Subjektif Vergi,Objektif Vergi Nedir?

     Vergi bildiğimiz gibi devletin egemenlik gücüne dayanarak,kamu hizmetlerinin finansmanı için,cebren alınan ve herhangi bir karşılığı bulunmayan parasal ödemelerdir.Verginin bu tanımından anlaşılacağı gibi verginin mali fonksiyonu kamu hizmetlerinin finansmanı için olmasıdır.Gel gelelim verginin toplumsal adalet açısından toplanması ve bireylerin ekonomik güçlerini gözeterek yani bir bakıma herkesten ödeme gücüne göre bir vergi almak gereklidir.İşte mükelleflerin ödeme güçlerini dikkate alarak buna göre herkesten özel şartlarına göre vergi almak subjektif vergiyi oluşturmaktadır.Bu görüş bir bakıma sosyal devletin temel öğelerindendir.

     Günümüzde subjektif vergiler daha çok gelir vergilerinde gözükmektedir.Gelir vergileri vergilendirilmeden önce bir çok araç kullanılarak bireyin ödeme gücüne ulaşılmaya çalışılmaktadır.Ödeme gücüne ulaşmada kullanılan en önemli yöntem ise artan oranlılıktır.
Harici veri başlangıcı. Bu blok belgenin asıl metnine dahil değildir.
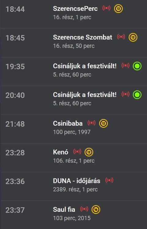 A Vásárhelyi Mária-félék ezt még el is hinnék, de rutinos olvasóink pontosan tudják, hogy a Zsidesz nem tagadja meg valódi arcát, ahogy a kezükben lévő "közszolgálati" média sem. A Duna igazán keresztényi nagyszombat esti műsorterve alapján, ahogy a képernyőmentésünkön is látszik, a legbiblikusabban mind közül a nap legvégén kezdődő Saul fiai című Oscar-díjas holodráma hangzik.

Yani bireyin vergilendirilebilir geliri arttıkça belirli matrah miktarlarına matrah büyüklüğü arttıkça vergi oranını da arttırarak adaletli bir vergi toplanmaya çalışılmaktadır.Ödeme gücüne ulaşmak için daha bir çok yöntem kullanılmaktadır.Bunların içinde emek gelirlerini sermaye gelirlerine uygulanan vergi tariflerinden ayrılmasını savunan ayırma ilkesi,bireyin ailevi durumunu gözeten asgari geçim indirimi vb. bir çok uygulama sosyal devlet anlayışını benimsemiş birçok ülkede uygulanmaktadır.Subjektif vergi bir bakıma mükellefin ailevi durumu, gelirin emekten sağlanıp sağlanmaması gibi durumları gözetir.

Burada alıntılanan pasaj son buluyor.